Still raw style of Riesling, but balanced out with lovely citrus fruits with greenish apples – which creates good harmony. Taste is mineral driven, but too simple in complex layers to go higher. (91/92)
2009 Van Volxem “Pergentsknopp”
It’s never easy to be the last wine is such a big line-up. However the nose is really sexy here, with some smoky scents and overripe peaches. Taste is creamy, delicious and with a slightly sparkle on the tongue. Sounds good – but it just becomes too indifferent to me – I missed some nerve, edge and complex touch. Did it suffer from being served last? Maybe. (89/92,86)
The group rankings
1 Keller, G-Max 96,75
2 Wittmann, “La Borne” Alte Reben 96,25
3 Emrich-Schönleber, “Halenberg” 96,13
4 Schäfer-Fröhlich, Felseneck 95,06
5 Julian Haart/Adam Goldtröpfchen “Laychen” 94,75
6 Keller Abtse®.de 94,25
7 Keller Hubacker 94,25
8 Kühling-Gillot, Rothenberg 93,63
9 Battenfeld-Spanier Frauenberg 93,63
10 Keller Morstein 93,25
11 Breuer, Schlossberg 93,00
12 Van Volxem Scharzhofberger Pergentsknopp 92,86
13 Kühling-Gillot, Pettenthal 92,75
14 Loosen Erdener Prälat 92,38
15 B-W Kirchenstück 92,13
16 Becker Sonnenberg 92,00
17 Dönnhoff, Hermannshöhle, 91,88
18 Christmann, IDIG 91,63
19 Wittmann, Kirchspiel 91,38
20 Dr. Crusius, Felsenberg 91,13
21 Weil, Gräfenberg 91,00
22 B-W Pechstein 91,00
23 Von Winning Langenmorgen 90,69
24 B-W, Jesuitengarten 90,63
25 Wirsching Julius Echter Berg 90,63
26 Lieser Juffer Juffer Sonnenuhr 90,56
27 Rebholz, Kastanienbusch 90,13
28 Haart, Goldtröpfchen 88,71
29 Schloss Johannisberg 88,13
30 Pigott Müller-Thurgau 87,83
So there you go. 30 of the finest German dry Rieslings from the 2009 vintage.

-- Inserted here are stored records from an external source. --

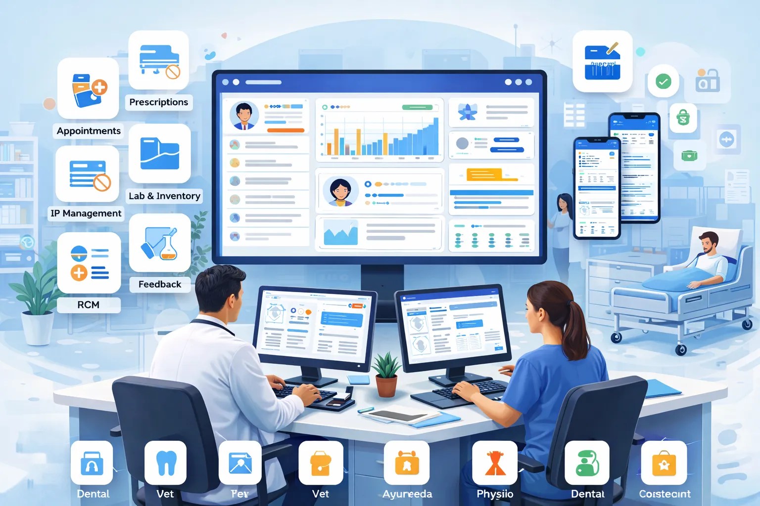 Yes. Dedicated modules exist for dental, ayurveda, physio, vet, and more.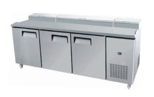 La table réfrigérée à trois portes pour préparation de gamme américaine est destinée aux professionnels de la restauration.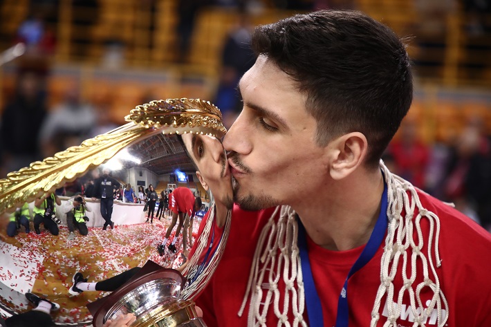 Ο Ολυμπιακός με την κατάκτηση και του Κυπέλλου Ελλάδας έκανε το 2/2 φέτος στους τίτλους, στοχεύοντας πλέον και στα υπόλοιπα δύο τρόπαια, όπως δήλωσε ο Γιαννούλης Λαρεντζάκης στη κάμερα του Olympiacos BC TV.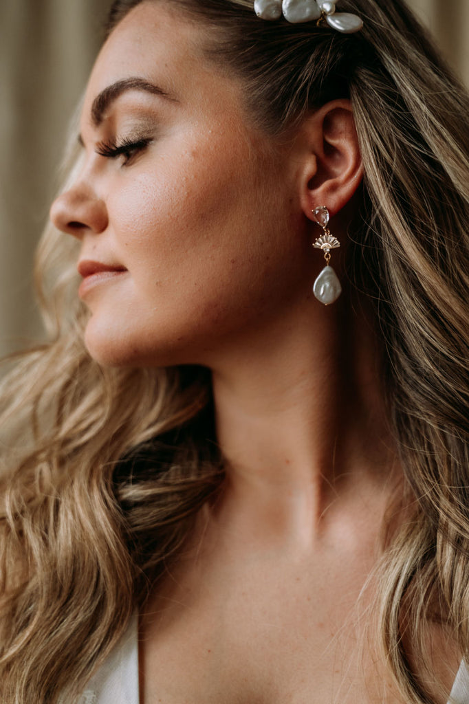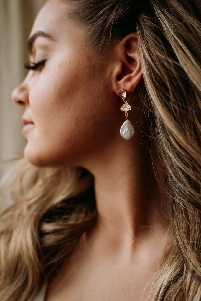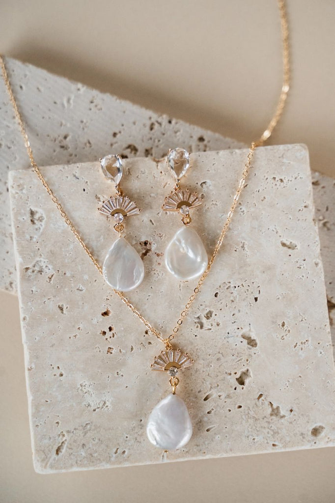 Add vintage charm to your wedding day look with the Amalfi Bridal Set. This stunning necklace and earring set features art deco crystal charms that add sparkle and elegance to any bridal ensemble. The set also includes freshwater pearls for a touch of sophistication. Say "I do" in style with the Amalfi Bridal Set!
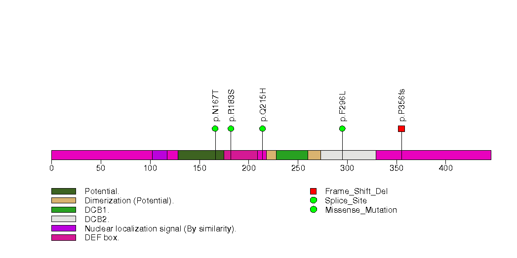 Figure S13. This figure depicts the distribution of mutations and mutation types across the TFDP2 significant gene.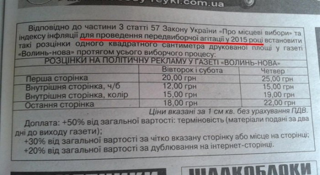 У міському бюджеті Ковеля на 2016 рік під «розкрутку» позитивного іміджу владної команди мера Олега Кіндера передбачили 200 тисяч гривень – на періодичні видання (газети і журнали) та 80 тисяч гривень – на телебачення і радіомовлення. Загалом, замовлена високопосадовцями так звана інформаційна «джинса» обійдеться міській громаді в майже третину мільйона гривень, що є рекордною сумою, - інформує Kowel.com.ua.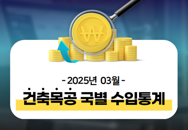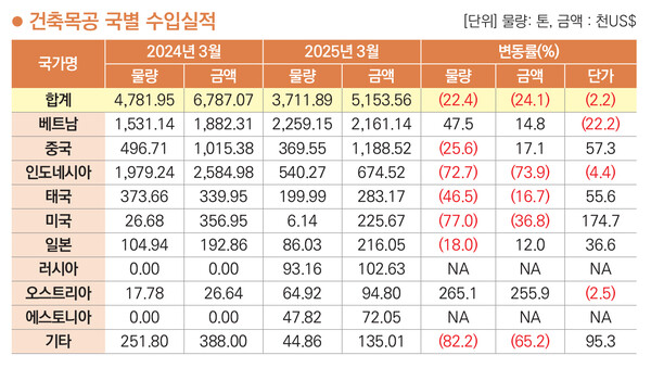 건축목공 국별 수입금액은 베트남>중국>인도네시아>태국>미국>일본 순이고 2025년 3월까지 누적 금액은 5,153천 달러. 약 69억 원이다. 전년 동월 누계 대비 수입금액은 24.1% 감소했고 물량은 22.4% 감소, 단가는 2.2% 하락했다. 수입국 중 베트남이 금액으로 41.9%를 차지했고 물량도 베트남이 60.8% 차지했다.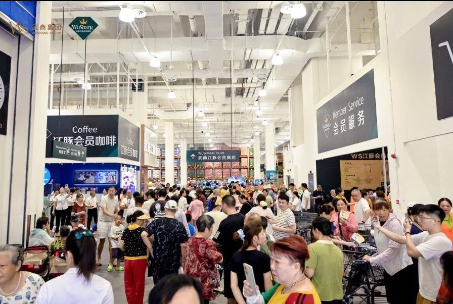 WS江豚會員店首店位于東西湖區金山大道與七雄路交匯處,營業面積超10000平方米,面向付費會員開放。在7月29日開業當天,該店客如潮涌。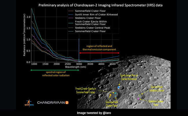 स्पेस एजेंसी इसरो (Indian Space Research Organisation- ISRO) ने चंद्रमा की सतह की पहली जगमगाती हुई तस्वीर शेयर की है. इसे चंद्रयान-2 के इमेजिंग इन्फ्रारेड स्पेक्ट्रोमीटर (IIRS) पेलोड द्वारा कैप्चर किया गया. इसरो ने कहा कि उसने चांद की सतह पर स्पेक्ट्रोस्कोपिक अध्ययन शुरू कर दिया है. इसरो ने ट्विटर पर तस्वीर शेयर की और कहा कि IIRS को संकीर्ण और सन्निहित स्पेक्ट्रल चैनलों में चंद्र सतह से परावर्तित सूर्य के प्रकाश को मापने के लिए डिज़ाइन किया गया था.

Conclusion: well, there is a winner and a looser. But like always, I am skeptical when it comes to one glass tastings. These wines are really young – some maybe 10 years away from a drinking window. They even have the ability to be open for several days and still change character, structure and gain other small nuances.
I leave it to my friend Martin, to conclude and I trust him when he states the 2009 to be one of the finest ever.
One thing is certain – I will return to Berlin and share wines with my good friend.
CHEEEERS, MARTIN – THANK YOU SO MUCH FOR INVITING ME!!!